Hollywood Ink: Inevitable Spy Hunter Adaptation in the Works
· Duh-nuh-NUH-nuh-NUH-nuh-NUH-NUH, duh-nuh-NUH-nuh-NUH-nuh-NUH-NUH... To the digitized loop of "Peter Gunn" comes word that the classic '80s video game Spy Hunter is set to be developed as a feature at Warner Bros. This comes after years of development stops and starts at Universal (where else?). Presumably Hunter will go 3D like all the studio's tentpoles, thus reinventing the deadly smoke-screen weapon for a new generation and, in all likelihood, getting the high-revving thriller banned in Malaysia. [Variety]
Emma Stone doubles down with the studios, John Steinbeck makes his Movieline debut, and more Hollywood Ink after the jump.
· Unless you're Barack Obama, Emma Stone has probably had a better week than you: She picked up the female lead in Steve Carell's untitled wrecked-marriage comedy (also at Warners) before leading the contenders for the same in DreamWorks' The Help, the adaptation of Kathryn Stockett's bestseller about black servants and the white employers in pre-civil-rights-era Mississippi. [Deadline]
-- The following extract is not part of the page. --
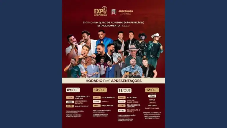 Já estão a todo vapor os preparativos para a ExpoArapongas 2025, que acontece de 09 a 12 de outubro no Expoara – Centro de Eventos. O evento promete reunir grandes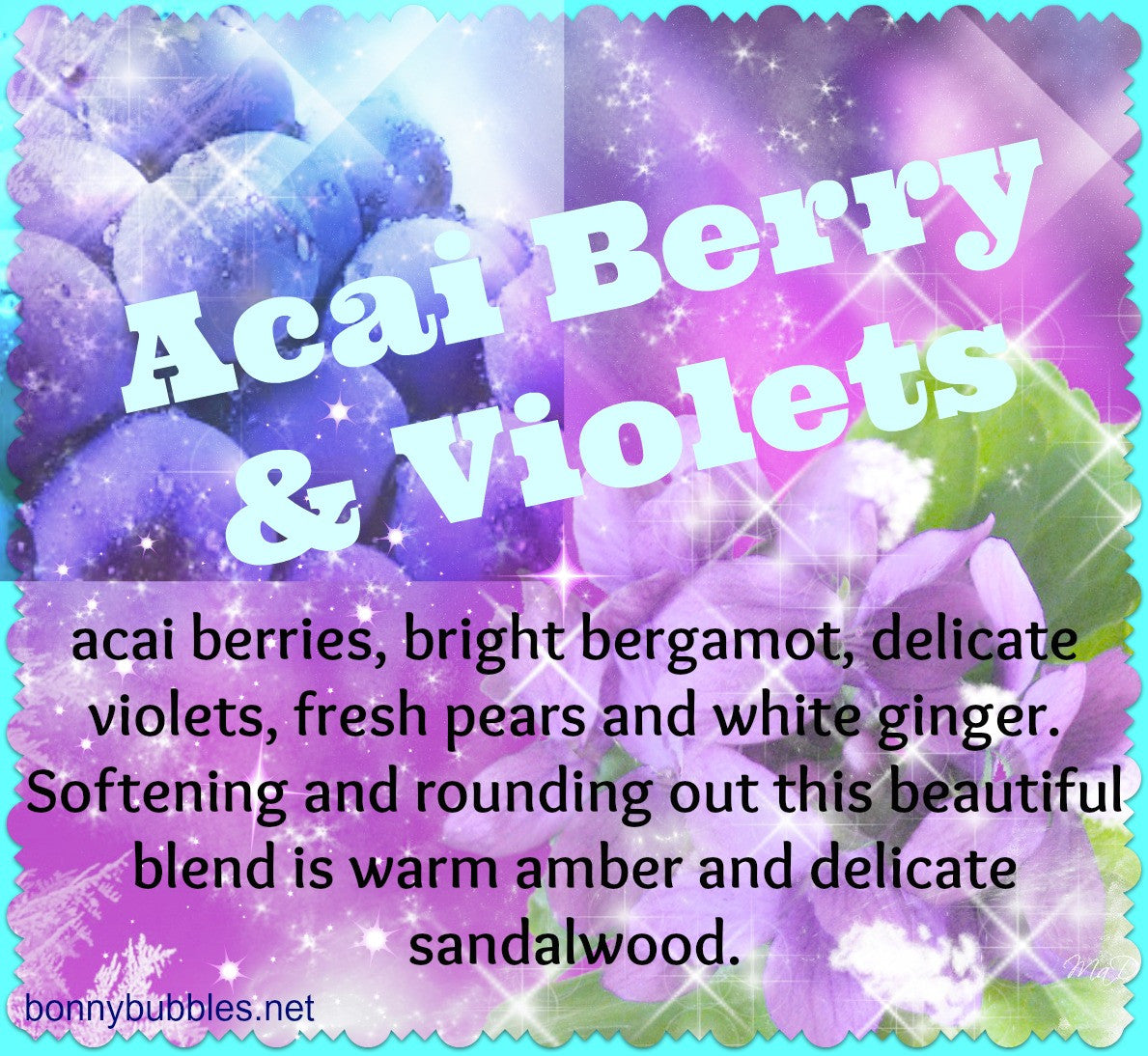 ACAI BERRY and VIOLETS deodorant body powder... acai berries, bright bergamot, delicate violets, fresh pears and white ginger. 8 oz vol. / 5 oz. net wt.

· John Steinbeck's posthumously published The Acts of King Arthur and His Noble Knights has been acquired as possible franchise fodder by Troika Pictures. One of the producers teased the first film -- about young Gawain, Ewain and Marhalt's exploits on their way to join Arthur's round table -- as a "compelling romantic comedy adventure for the youth audience." Don't laugh! Steinbeck loved romantic comedy adventures. Face it, Grapes of Wrath is misunderstood to this day. [Variety]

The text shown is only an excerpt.